Number of patients: All 3 patients were diagnosed with HSTCL
.
Diagnosis method: Three patients were subjected to bone marrow biopsy and bone marrow aspiration analysis using morphology, immunology, cytogenetics and molecular biology technology (MICM)
.
If conditions permit, perform a spleen biopsy to confirm the diagnosis
.
Observe the enlargement of lymph nodes, spleen and liver by CT and ultrasound
.
Transplant donors: All 3 patients used haploidentical donors
.
Pretreatment plan: The intensive MAC treatment plan is as follows: Two adult patients: CLAG (G-CSF 300ug/d×6, Cladribine 5mg/m2/d×5, Cytarabine 2g/m2/d×5) + TBI (2Gy×6) + cyclophosphamide (Cy) + antithymocyte globulin (ATG) [VP-16 (15mg/kg) + TBI (2Gy×6)+Cy + ATG], pediatric patients: CLAG + white Shufei (1.
2mg/kg×16)+Cy + ATG; GVHD prevention: CSA+short-range MTX+MMF
Results: Age at diagnosis: 2.
5, 21 and 29 years old, morphology: 3 cases had bone marrow invasion, and 1 case had central nervous system involvement
.
One case was confirmed pathologically after splenectomy
.
T cell immunophenotype: two cases of γδ type and 1 case of αβ type
.
Chromosomal abnormalities: 2 patients with i(7)/r(7), 2 cases +8
.
Molecular biology examination: STAT5B was detected in 2 patients
.
Complications before transplantation: One patient was accompanied by hemophagocytic lymphohistiocytosis (HLH).

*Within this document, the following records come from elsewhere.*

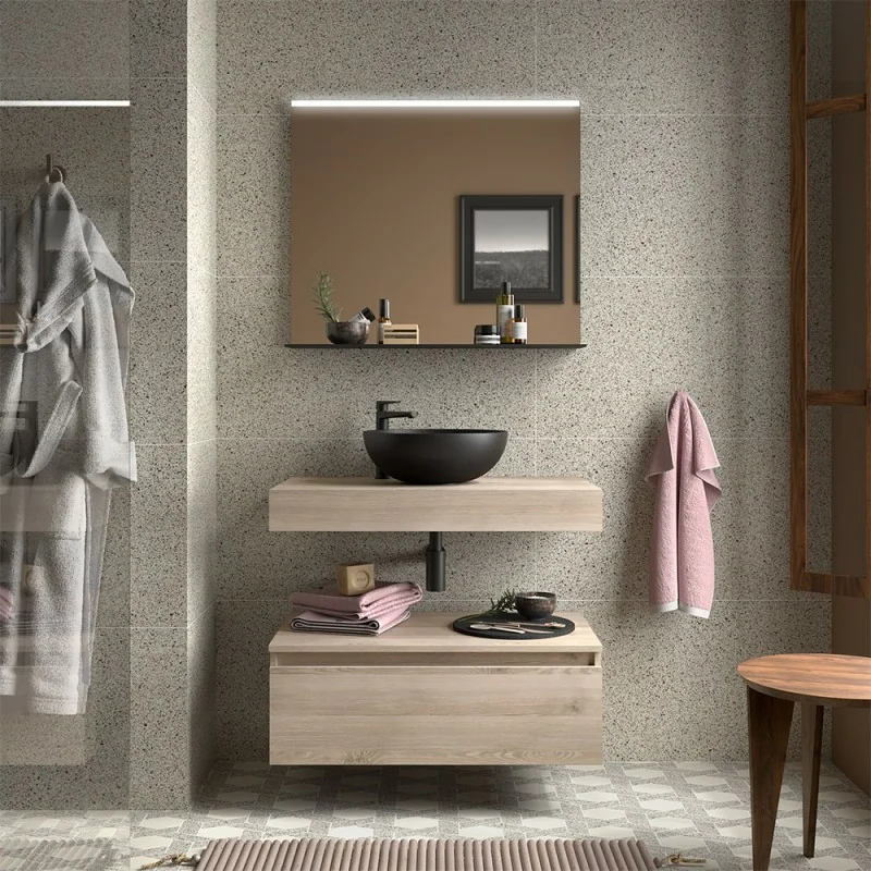 Top per lavabo da 80 cm in legno MDF rovere bali Sumo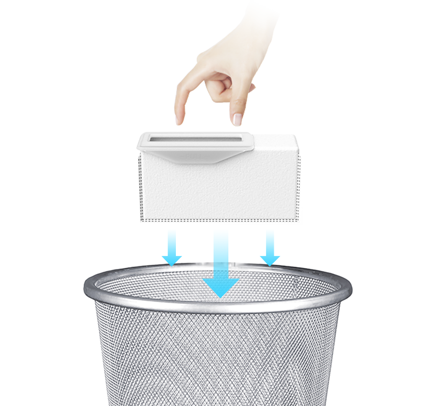 500ml dust bin with hygienic one-touch emptying function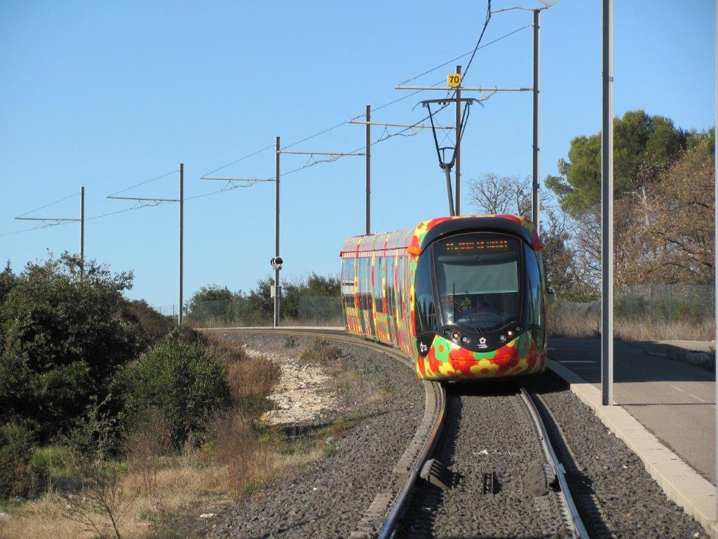 Une des cinq rames Citadis 402 Alstom opérant sur la ligne 2 est photographiée sur une section à voie unique équipée de rails vignole entre les stations « Georges Pompidou » et « Via Domitia » à Castelnau-le-Lez, le samedi 7 janvier 2017. Copyright : Edouard Paris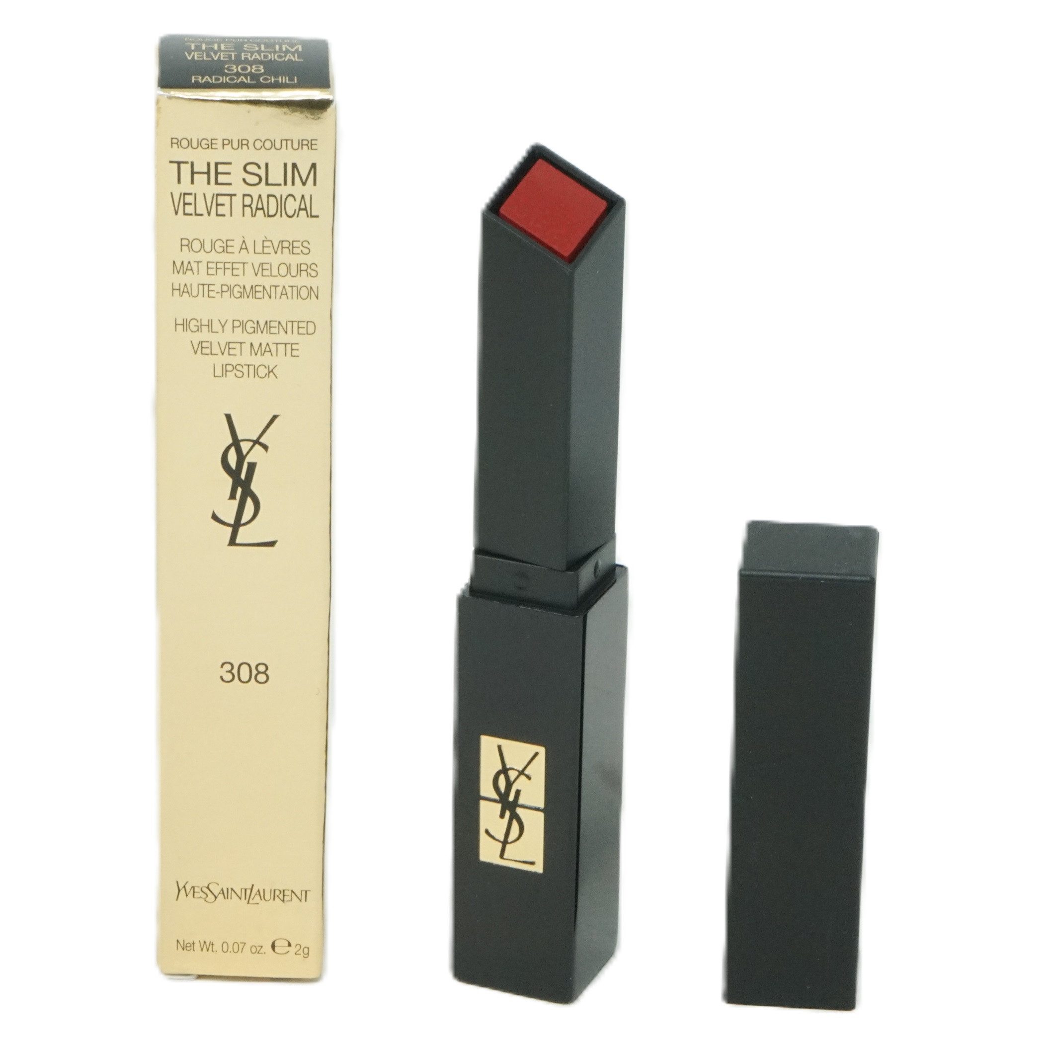 Yves Saint Laurent Rouge The Slim Velvet Matte 308 Radical Chili ist ein hochpigmentierter, luxuriöser Lippenstift mit einem intensiven, samtig-matten Finish Die leichte, cremige Formel gleitet sanft über die Lippen und sorgt für eine langanhaltende, volle Farbe, ohne die Lippen auszutrocknen Farbton 308 Radical Chili ist ein kräftiges, warmes Chili-Rot, das für einen mutigen, ausdrucksstarken Look sorgt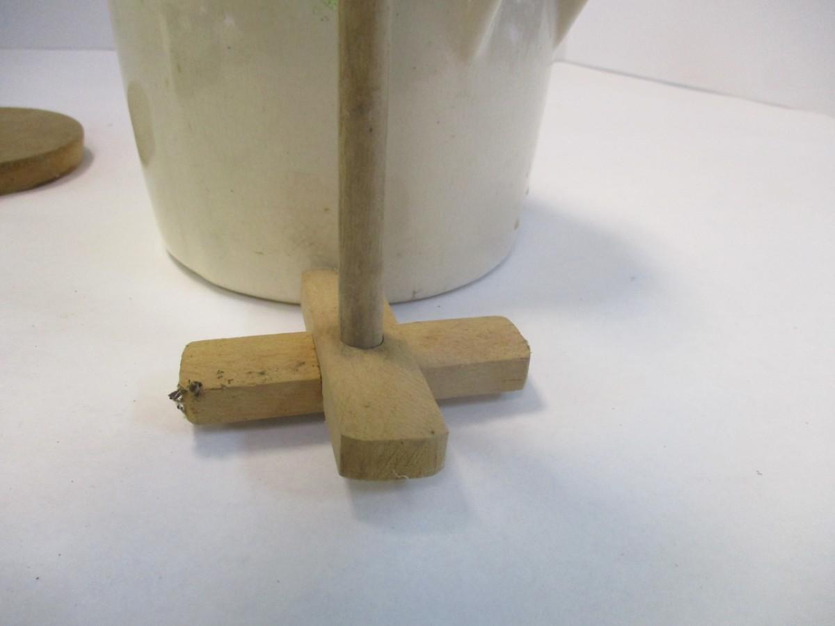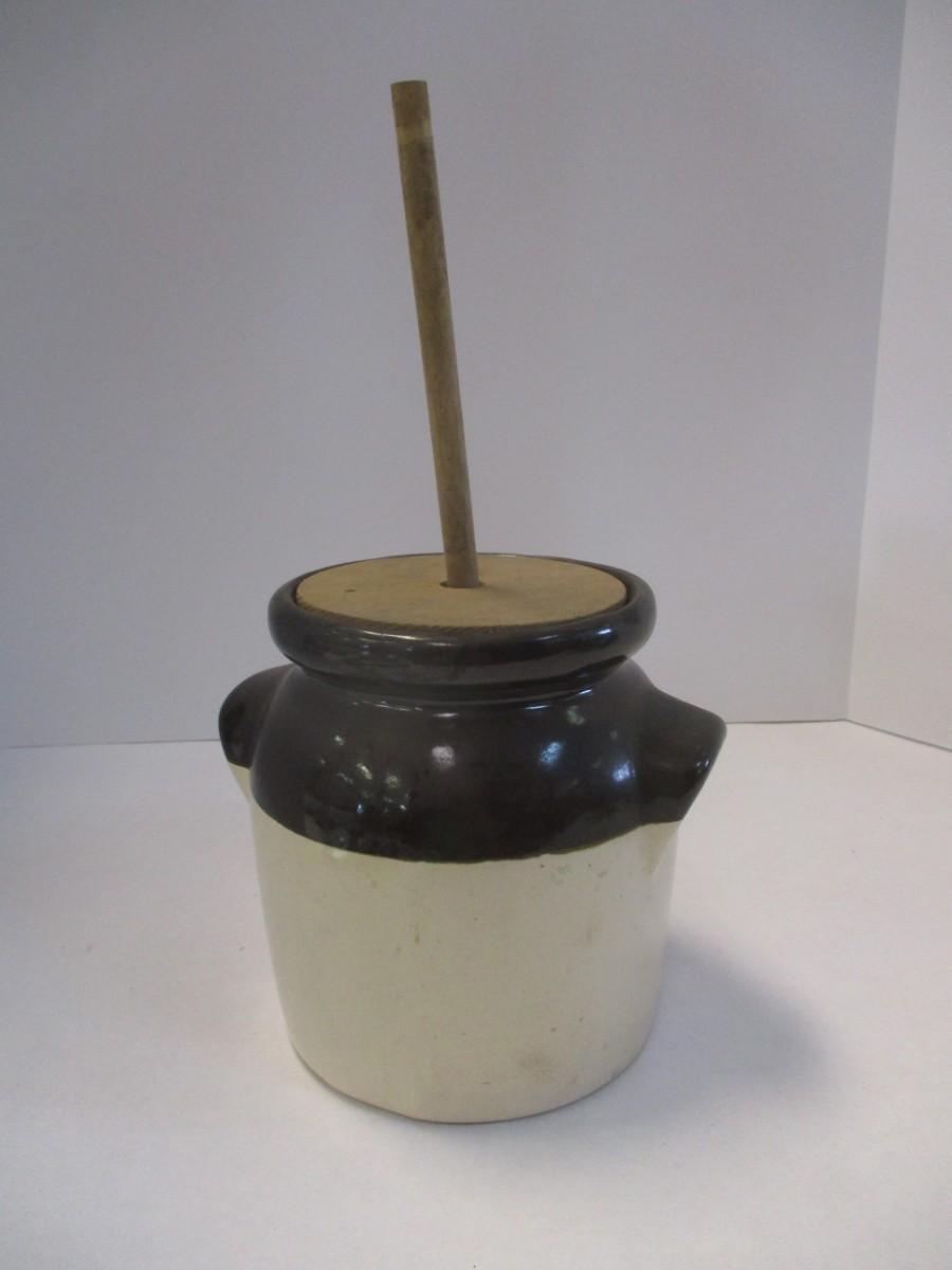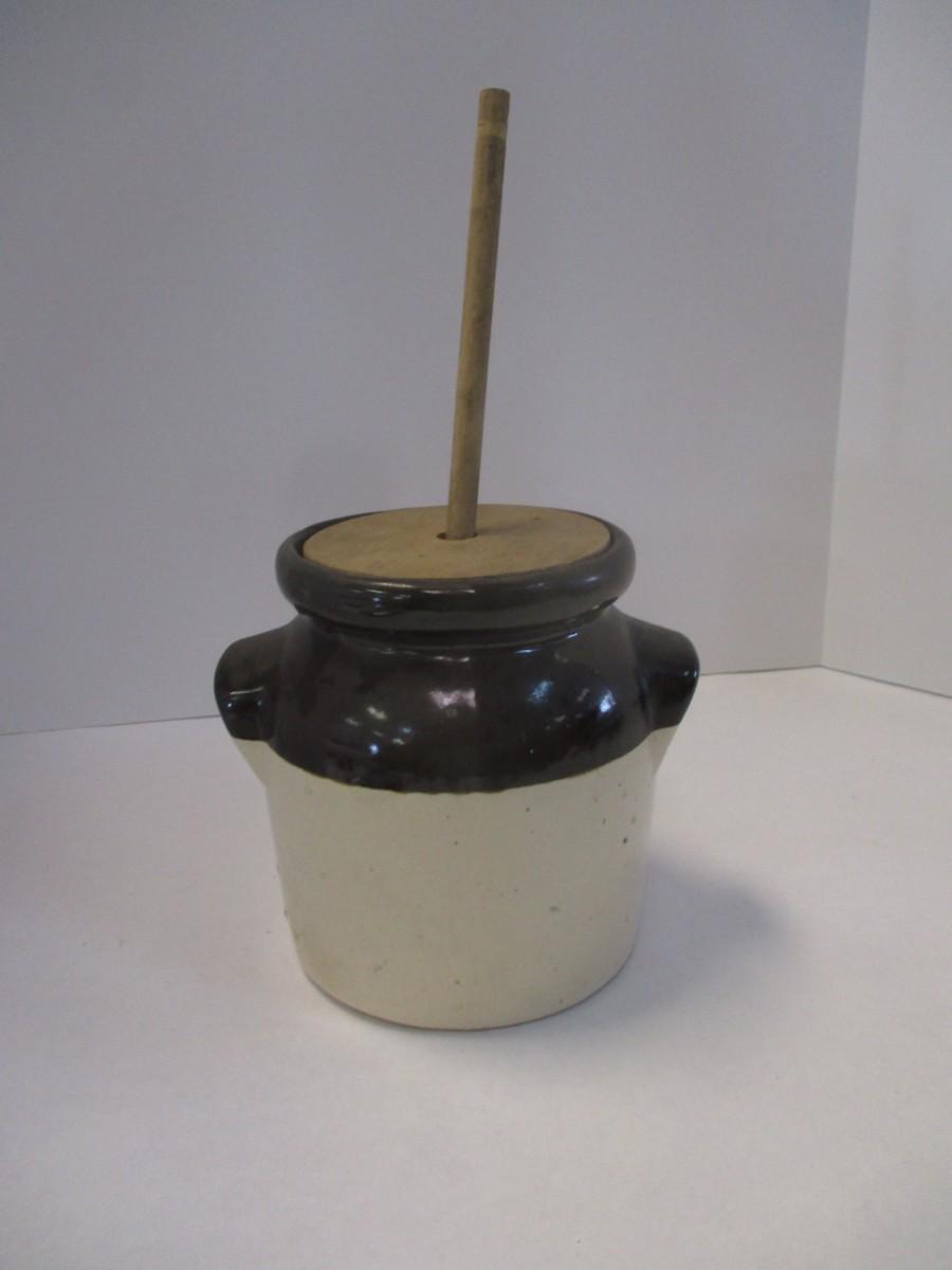 The Antique Crock Stoneware Butter Churn With Handles is a vintage kitchen equipment piece used for making butter. This stoneware crock features handles for easy lifting and transport, adding to its functionality and charm. Perfect for those who appreciate primitives and antiques, this butter churn is a unique and decorative addition to any kitchen collection.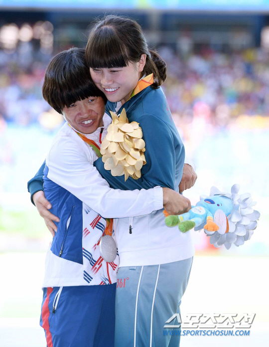 전민재가 시상식에서 금메달을 딴 중국의 SHI Yiting과 껴안고 기쁨을 나누고 있다.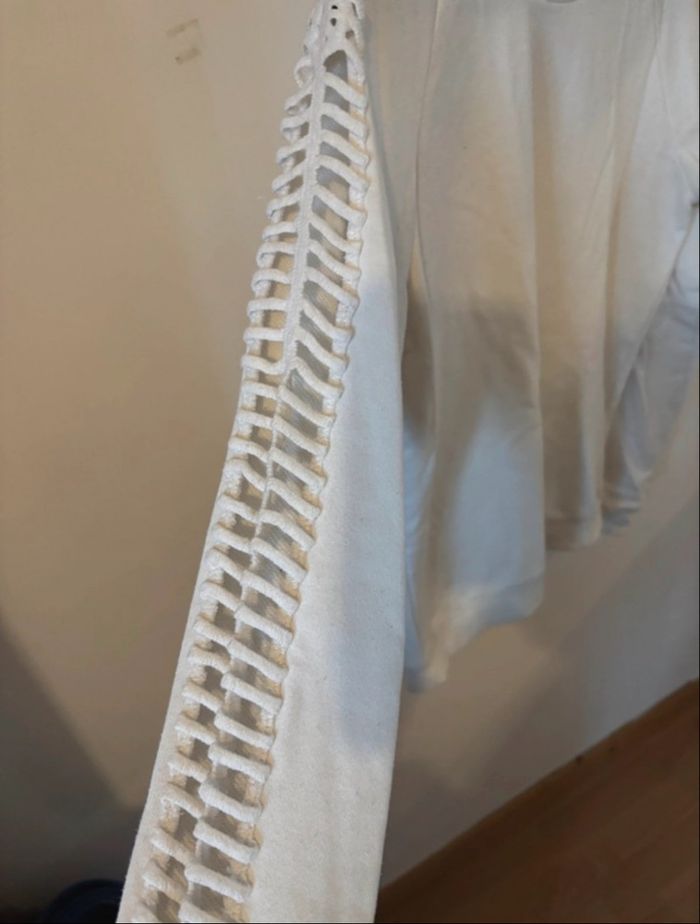 Pull, blanc à trou que les manche, porter quelques fois

Before transplantation, HLH94 regimen + Rucotinib was used to control the condition
.
Disease duration before transplantation: 2, 6, and 8 months respectively
.
Disease status at the time of transplantation: Two adult patients achieved complete remission of bone marrow morphology (CR), but both multicolor flow cytometry monitoring of minimal residual disease (MRD) were positive
.
Children with primary drug resistance have not been relieved after 5 courses of chemotherapy
.
Spleen and liver size during transplantation: The spleens of two adult patients were significantly retracted
.
The liver is significantly enlarged after spleenectomy in children
.
Hematopoietic implantation: No implantation failure was found after transplantation
.
Acute GVHD: Acute GVHD IV (skin and gastrointestinal tract) occurred in children on the 19th day after transplantation, which was controlled after combined treatment
.
Chronic GVHD: All 3 patients developed localized chronic GVHD
.
Hepatic venule occlusive disease (VOD): Adult patients with HLH before transplantation were diagnosed with VOD on the 57th day after transplantation, and controlled by defibrillation and other treatments
.
Follow-up time: As of December 12, 2020, the follow-up time after transplantation is 3, 7 and 9 months respectively
.
Status at the last follow-up: All patients were disease-free and fully donor mosaic
.
Conclusion: Considering the high-risk and poor prognostic characteristics of HSTCL, the encouraging clinical results of this study indicate that enhanced MAC with haplo-HSCT is a safe and effective treatment for HSTCL
.
references:
Vose, J.
, J.
Armitage, and D.
Weisenburger.
2008.
'International peripheral T-cell and natural killer/T-cell lymphoma study: pathology findings and clinical outcomes', J Clin Oncol, 26: 4124-30
Foss, FM, SM Horwitz, M.
Civallero, et al.
2020.
'Incidence and outcomes of rare T cell lymphomas from the T Cell Project: hepatosplenic, enteropathy associated and peripheral gamma delta T cell lymphomas', Am J Hematol, 95: 151-55
Acknowledgement: Thanks to the head nurse Duan Jianchun for guiding nursing work
.
Thank our patients and family members for their cooperation and understanding
.
Poster display 02
Haploidentical stem cell transplantation in AML with t(6;9)(p23; q34); DEK-NUP214 shows a favourable outcome: single center experience (haploid hematopoietic stem cell transplantation t(6;9)(p23; q34); DEK-NUP214 Acute Myeloid Leukemia has a good prognosis: single center experience)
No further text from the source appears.